Sumner survives by entering into the body of a bear, using its warmth to sustain life and perhaps the small remnants of other kinds of emotion sometimes renascent in Sumner – the Indian boy he led to that boy’s death even though the latter had served him food and drink – a basic trope of imperialist auto-poeisis. There are other more obvious tropes of masculinity as self – man as beast or man or as tool (particularly the knife) but there are also more complex images of attempts or parodies of social communion. In one of the very two significant passages where humans sustain their own life from blood is the scene in the Yak hunting community where seal blood warmed in a pan is passed between the company, Sumner realises that his desire to reject that offering means more to the Inuit than refusing a food offering. When he does drink (finding it like oxtail soup), he senses their joy that ‘he has joined them somehow’.
The way in which humans celebrate communal identity emerge then from the sharing of food – from the same service of the orifices as does the radical selfishness of Drax and Baxter. Yet Sumner reflects: ‘It is not a rite or ritual, …, it is just their way of taking food.’ That word ‘just’ is doing a lot of work here – it attempts to restrain an image of communal blood-sharing that at one level is the Communion sought by the Catholic priest at the end of the novel.

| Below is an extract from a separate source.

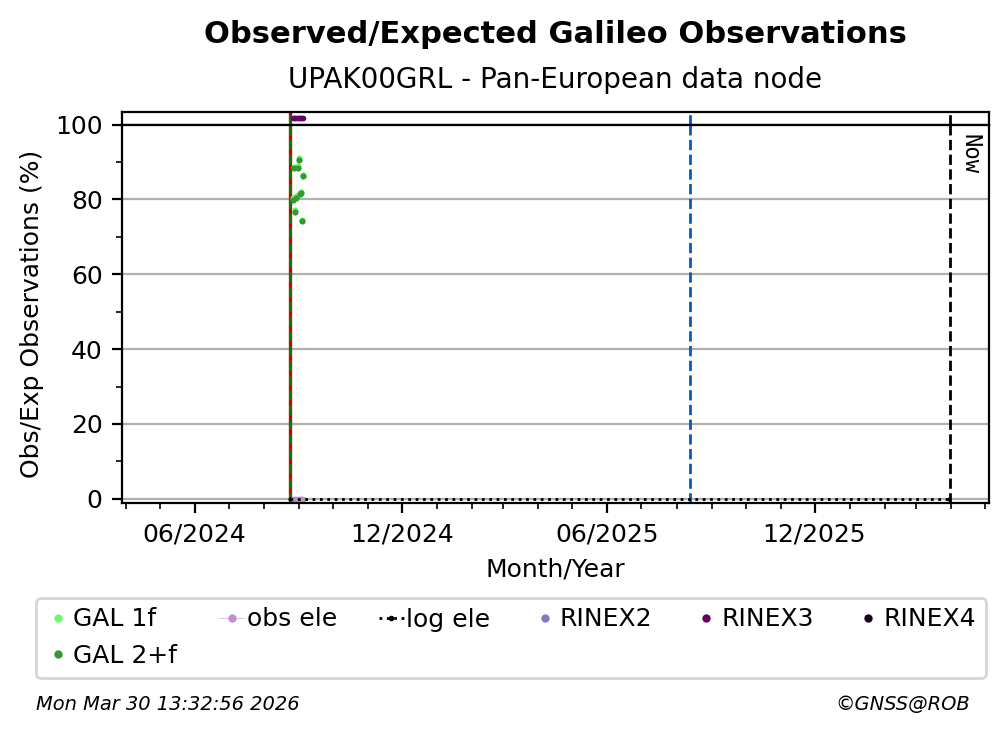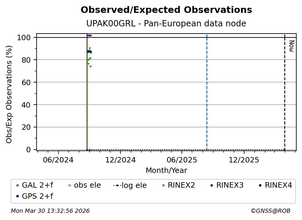 The percentage corresponds, for each constellation tracked by the station, to the ratio of the number of observations in the daily RINEX file with respect to the number of expected observations:

However, it also recalls the very wonderful short Chapter 6 where Brownlee, the captain remembers how on an ill-fated earlier voyage, the men survived by each bleeding themselves into a shoe and passing that shoe around as they drink each other’s blood, which they describe as a ‘godsend’.

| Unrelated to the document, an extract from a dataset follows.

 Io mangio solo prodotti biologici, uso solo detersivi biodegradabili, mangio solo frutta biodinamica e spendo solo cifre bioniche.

Is it a communion – perhaps? Brownlee thinks however, that if another man’s blood gives me life (shades of Renfield in Dracula), then I might sustain life by eating and drinking myself – this the central myth of auto-poeisis I see at the centre of the novel’s extreme acts of capital seeking its own survival:
When he is thirsty, he will drink his own blood: when he is hungry, he will eat his own flesh> He will grow enormous from the feasting, he will expand to fill the empty sky.’ (p. 56)
There is too much in this novel to talk about I think – its Gothic elements make it touch on the borders even of meanings that may be unconscious to the writer (at least I think he said so at the Edinburgh Book Festival). I will be ever grateful though not for its philosophical prowess and psychodynamic depths by for its picture of the oppressed molly-man, the sailor, McKendrick. In passages replete with the medical examination of orifices for signs of brutal or diseased entry. The progress towards his victimisation is plotted precisely and accurate – the outsider used as a means of projecting fears of one’s own on a scapegoat and thus rescuing a communality based on illusion. There are too many great passages to explore this – the following is not the best but it is short:
After a week or so of this, his identity as a criminal and a pervert is so secure in the minds of the crew it is hard to believe he was ever truly one of them. They remember him as separate and strange, and assume that whatever seemed usual about him was only a clever way of covering up those deeper deviancies.
Thank you, Ian McGuire. I see this novel as greater than Eileen, although I think the latter maybe likely to win. It should be THIS NOVEL. It is great.